A feature film, The Bling Ring, was released in the mid-2013. The movie is based on the burglaries committed by the eponymous group.

==Cast==
- Tess Taylor is the adopted daughter of Andrea Arlington. She is pursuing a modeling career and is a Playboy Cyber Girl.
- Alexis Neiers is also pursuing a modeling career, she tries to clear her name after an arrest related to "Bling Ring" thefts.
- Gabby Neiers is the younger sister of Alexis.
- Andrea Arlington is the mother of Tess, Alexis and Gabby. She is a former 1980s lingerie model who manages Tess' and Alexis' modeling careers.
- Jerry Dunn is Andrea's husband and stepfather of Alexis, Gabby and Tess.

==Episodes==

| No. | Title | Original release date | Viewers (millions) |
| 1 | "The Arrest" | March 14, 2010 | 1.30 |
Sisters Tess and Alexis land a modeling gig, but a knock on their door early one morning will change the life of one sister forever.
| 2 | "The Hearing" | March 21, 2010 | N/A |
With her freedom on the line at a preliminary hearing, Alexis faces charges of allegedly committing a burglary targeting celebrity homes.

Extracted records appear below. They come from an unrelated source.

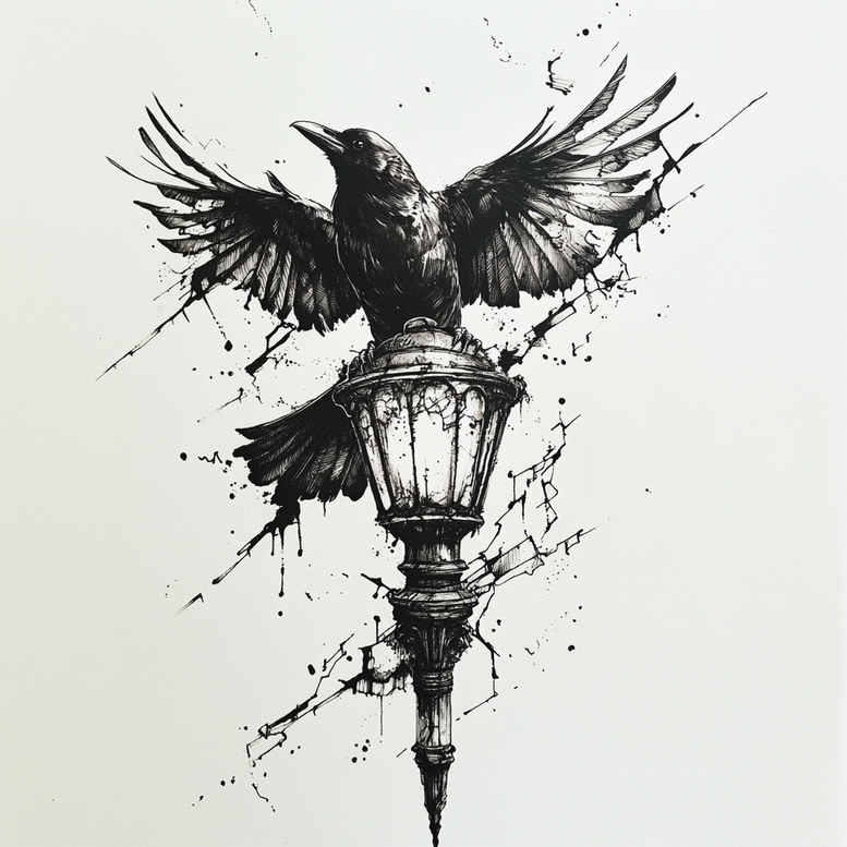 This AI-generated tattoo project showcases a crow perched on a vintage lamp post, rendered in bold black and grey ink with refined fine-line detailing. The central silhouette is defined by crisp linework on the crow’s ruffled feathers and the lamp’s ornate glass housing, while intentional splatters radiate outward to create motion and texture, giving the composition a contemporary graphic edge. The balanced use of negative space against a pale canvas enhances clarity when translated to skin, making it suitable for a medium to large format on the upper arm or back, with the lamp and bird acting as a strong single focal point. Symbolically, the crow embodies transformation, intelligence, and resilience, while the lamp post suggests guidance and illumination in darkness; together they weave a concise narrative about finding light within adversity. The ink splatter pattern adds a tactile layer of texture, supporting a dynamic aesthetic without compromising legibility, and it can be employed to blend edges when covering faded tattoos or unwanted markings. In terms of technique, the piece blends fine-line precision with bold silhouettes to achieve a realistic yet stylized look, suitable for a refined monochrome body art approach. The design embraces a modern trend toward black and grey realism, making it versatile for various placements while maintaining strong visual impact. As a genuine AI-generated tattoo project, it demonstrates how technology can inform precise outlines and cohesive compositions that translate well into durable, everyday wear. For readers and potential clients seeking meaningful tattoos with a subtle but dramatic vibe, this piece exemplifies how a dark, pattern-rich motif can serve effectively as a cover-up, offering both aesthetic appeal and practical coverage. Keywords such as tattoo, tattoo design, meaningful tattoos, fine line tattoo, crow tattoo design, lamp post, black and grey, realistic tattoo, pattern, and cover-up are embedded to enhance discoverability and reflect the design’s core attributes.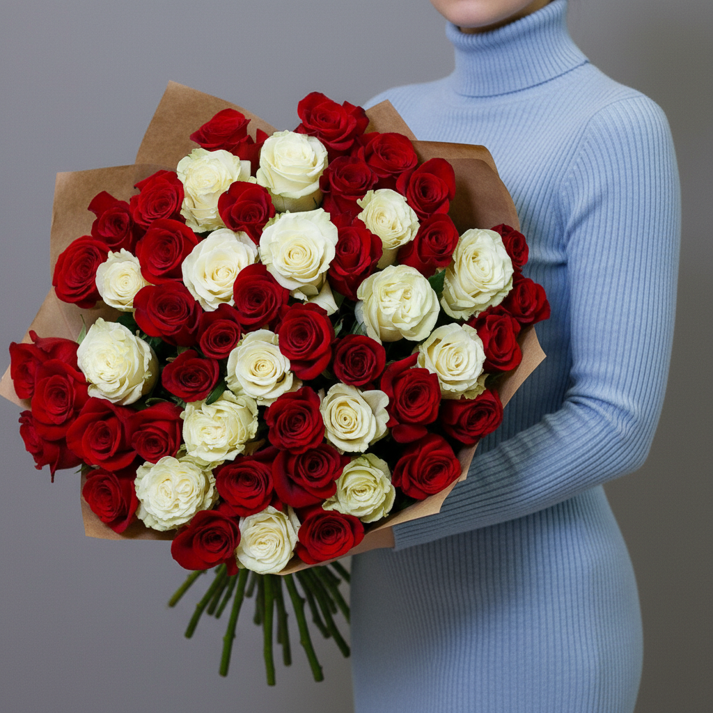 Букет из 51 красной и белой розы 50 см (Эквадор)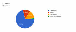 A greater percentage of false information occurred in the period before the general elections (71.4%), followed by a little more after the election (14.3%) and very few during the election (12.7%).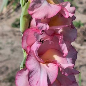 おはようございます☔️☔️☔️ 今日のお花【グラジオラス】です😊 ①②先月26日、実家へ🥒の定植のお手 伝いへ行った時、道路の向こう側の 畑に咲いていました😊 ③同じ畑でリアトリス、パイナップル リリー、柿がありました😊 ④パイナップルリリーあと少し😊 今頃どんなかなぁ~😊 ⑤仕事を止め(午前6時~午前9時)実家 へ歩いて帰る途中、お寺の植え込み から何かが😊 AIはムベと教えてくれました😊 ①~⑤2025・7・26撮影

Meanwhile, Tess is ecstatic when she is invited on a date with a pop superstar and Gabby's world is rocked when Andrea announces that the whole family is making a big move.
| 3 | "The Move" | March 28, 2010 | N/A |
Alexis books a photo shoot with the NFL's Vernon Davis; Tess' biological mother tries to contact her; Gabby tries to make friends her own age.
| 4 | "The Party" | April 11, 2010 | N/A |
Gabby plans her 16th birthday party with help from Tess. Later, at the celebration, Alexis is confronted by one of the victims of Hollywood's "bling ring".
| 5 | "What Happens in Cabo, Stays in Cabo" | April 18, 2010 | N/A |
Alexis goes against her attorney's wishes by traveling to Cabo with the girls for a charity event.
| 6 | "Vanity Unfair" | April 25, 2010 | N/A |
Alexis gets the opportunity to finally tell her side of the story in an interview in Vanity Fair, but the article does not quite turn out the way she expected. At Andrea's suggestion, Gabby goes job hunting and Tess is determined to find out just where her relationship with rocker Max stands after he did not respond to any of her texts while in Cabo.
| 7 | "Mommy Dearest" | May 2, 2010 | N/A |
Andrea begins to unravel with her daughter Alexis facing criminal charges that could put her in jail for up to six years.
| 8 | "Birds and Bees" | May 16, 2010 | N/A |
Alexis struggles over whether to tell a friend about her alleged involvement with the so-called bling-ring investigation.
| 9 | "And So It Is" | May 23, 2010 | 1.40 |
Alexis struggles with the stress of her impending trial and finding out that celebrity superstar Orlando Bloom will be testifying against her in court. She begins to unravel as she questions her decision to go to trial or take the plea deal. The rest of the family tries to cope, but the court case begins to affect Tess' relationship with Max.